DEF lstm_model (X-, Y):
     '' ' to LSTM cell as defined above definition is based multilayer stack LSTM, where only one layer ' ''

    cell = rnn.MultiRNNCell([LstmCell() for _ in range(NUM_LAYERS)])

    '' ' Which has been played by the stacked unit LSTM converted to dynamically updatable during training unit LSTM ' ''

    output, _ = tf.nn.dynamic_rnn(cell, X, dtype=tf.float32)

    '' ' To generate each hidden layer neuron means each according to the number of predefined ' ''

    output = tf.reshape(output, [-1, HIDDEN_SIZE])

    '' ' Is calculated by total activation function without connection layer linear regression, and the data compressed into one-dimensional array ' ''

    predictions = tf.contrib.layers.fully_connected(output, 1, None)

    '' ' Shape unify the predicted value and the real value of ' ''

    labels = tf.reshape(y, [-1])

    predictions = tf.reshape(predictions, [-1])

    '' ' Defined loss function, where the normal mean square error ' ''

    loss = tf.losses.mean_squared_error(predictions, labels)

    '' ' Defined parameters optimizer ' ''

    train_op = tf.contrib.layers.optimize_loss(loss, tf.contrib.framework.get_global_step(),

                                               optimizer='Adagrad', learning_rate=0.6)

    '' ' Returns the predicted value, and the loss function optimizer ' ''

    return predictions, loss, train_op


'' ' Loading tf Imitation sklearn training mode module ' ''

learn = tf.contrib.learn

'' ' Initialization LSTM models, and saved to the working directory to facilitate incremental learning ' ''

regressor = SKCompat(learn.Estimator(model_fn=lstm_model, model_dir='Models/model_1'))

'' ' To the original scale data scaled ' ''

data = data_processing(data)

'' ' The 7000 data as training samples ' ''

train_X, train_y = generate_data(data[0:7000])

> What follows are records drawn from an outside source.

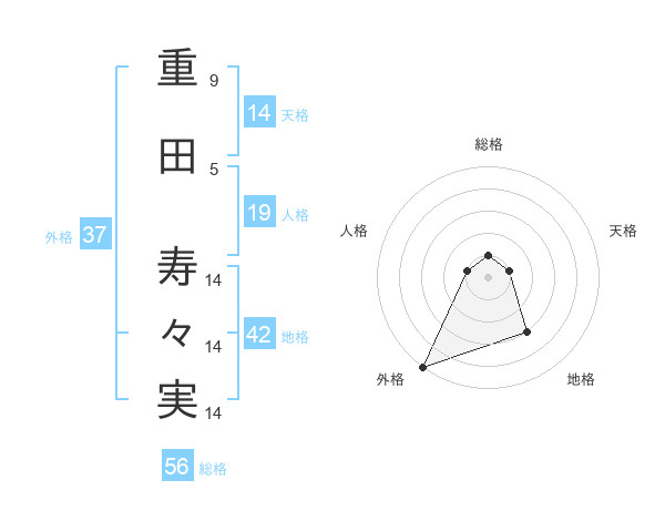 重田 寿々実さんの外格は37画の5点!
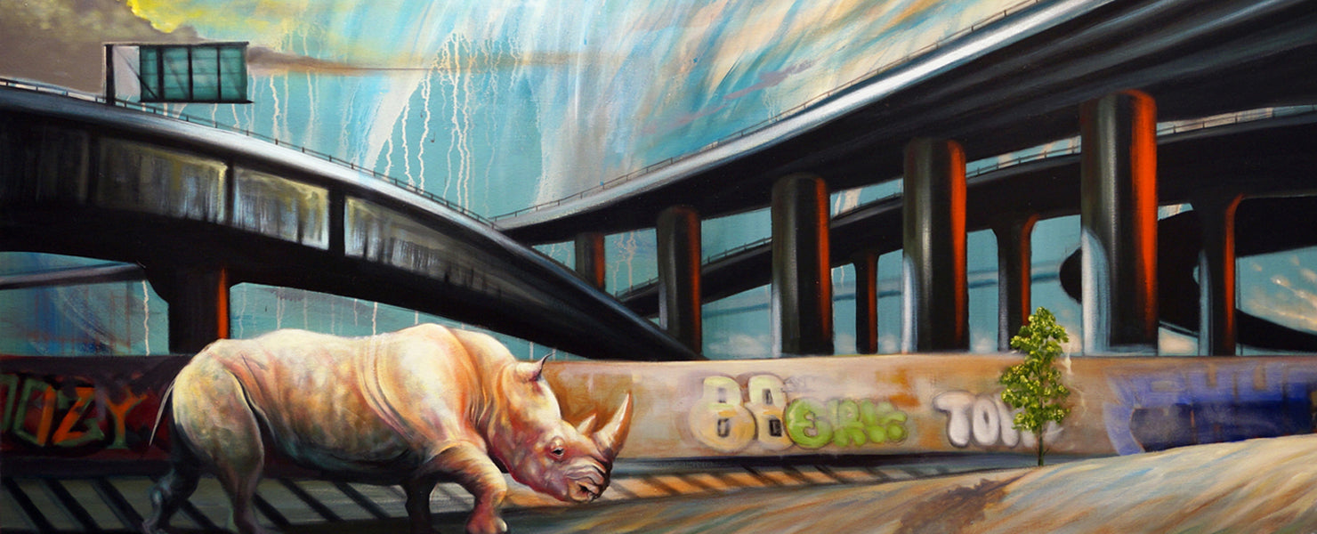 These paintings celebrate the pure love and admiration I have for all animals. Painted into bold urban and abstract color fields, their grace and intentions often mirror situations relatable to the human experience.
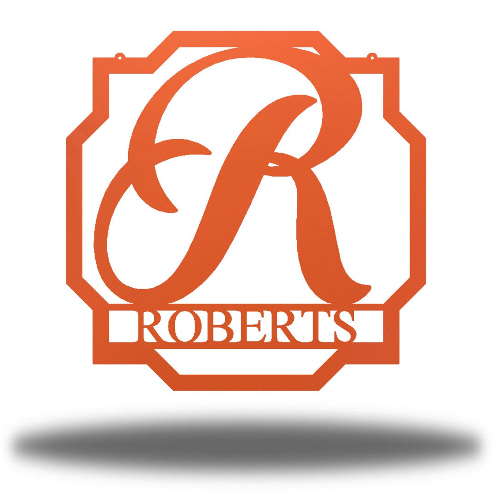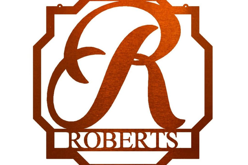 This Beautiful Geometric Monogram is constructed of 18 gauge steel on a Fiber Laser and then Powder Coated to give this item a one of a kind, unique finish.
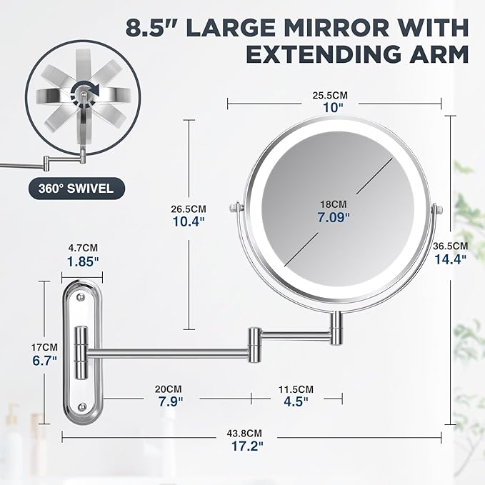 - 【Wall Mirror with Two Use Style】 This magnifying wall mounted mirror withextended arm has two usage modes. Storage Modes: lt fitting to the blankwall (10 x14.5 in) Extendeble arm mode size (14.5 x 17.5 in) This mirror facealso can be 360 "rotation to chose 1X or 15X.
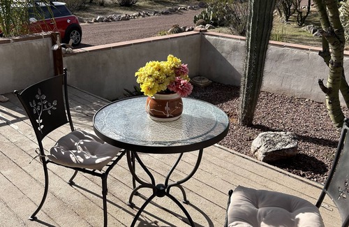 Write your book, paint the landscape or play your song. Dine outside under the ocotillo ramada, with fire pit and BBQ or indoors by the fireplace. Finally, relax in the spa under a star-filled sky.

'' ' And the remaining data as the test samples ' ''

test_X, test_y = generate_data(data[6989:-1])

regressor.fit(train_X, train_y, batch_size=BATCH_SIZE, steps=TRAINING_STEPS)

'' ' Using the model has been trained LSTM, generating a prediction value corresponding to all the test set ' ''

predicted = np.array([pred for pred in regressor.predict(test_X)])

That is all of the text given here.